Available data:
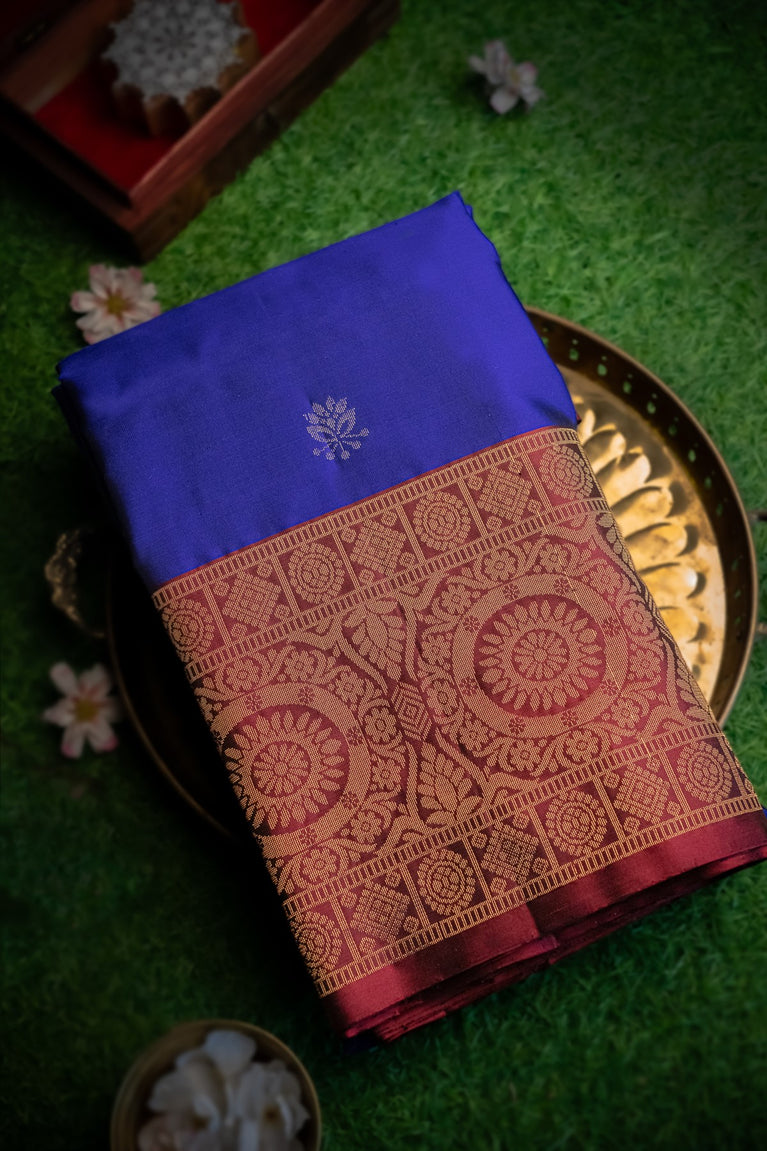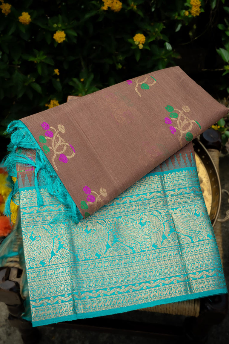 Varamahalakshmi Royal Blue & Brown Coimbatore Buttis Saree
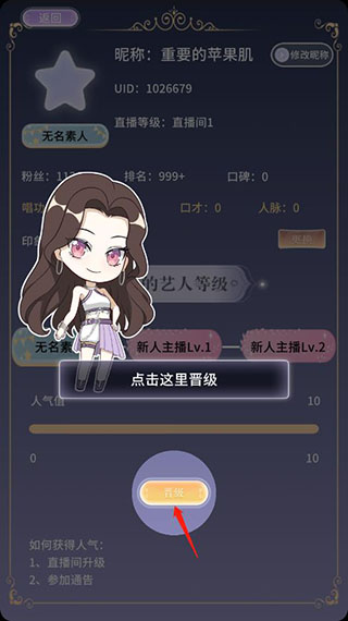 6、在左上角可以查看自己的粉絲、排名、口碑以及藝人等級等等;
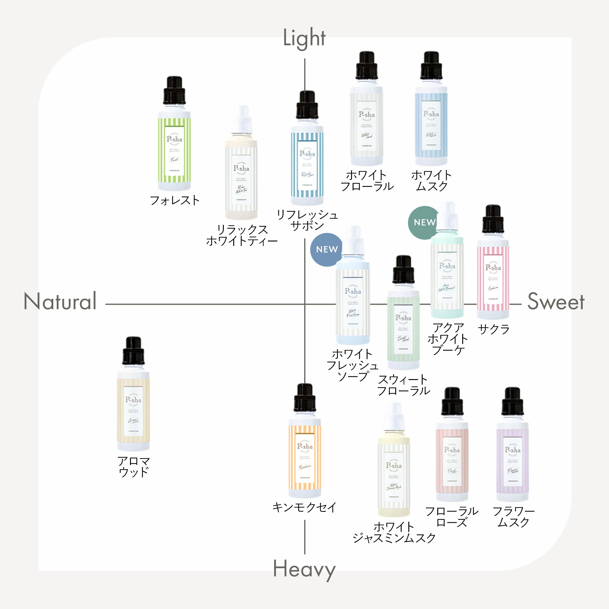■ 全14種類の香り:ホワイトフローラル、アロマウッド、ホワイトムスク、スウィートフローラル、フラワームスク、フローラルローズ、キンモクセイ、フォレスト、サクラ、リフレッシュサボン、リラックスホワイトティー、ホワイトジャスミンムスク、アクアホワイトブーケ、ホワイトフレッシュソーブ

The task: All that is needed is the data above, repeated exactly, without the pictures.

Response for this exercise:
 Varamahalakshmi Royal Blue & Brown Coimbatore Buttis Saree
 6、在左上角可以查看自己的粉絲、排名、口碑以及藝人等級等等;
■ 全14種類の香り:ホワイトフローラル、アロマウッド、ホワイトムスク、スウィートフローラル、フラワームスク、フローラルローズ、キンモクセイ、フォレスト、サクラ、リフレッシュサボン、リラックスホワイトティー、ホワイトジャスミンムスク、アクアホワイトブーケ、ホワイトフレッシュソーブ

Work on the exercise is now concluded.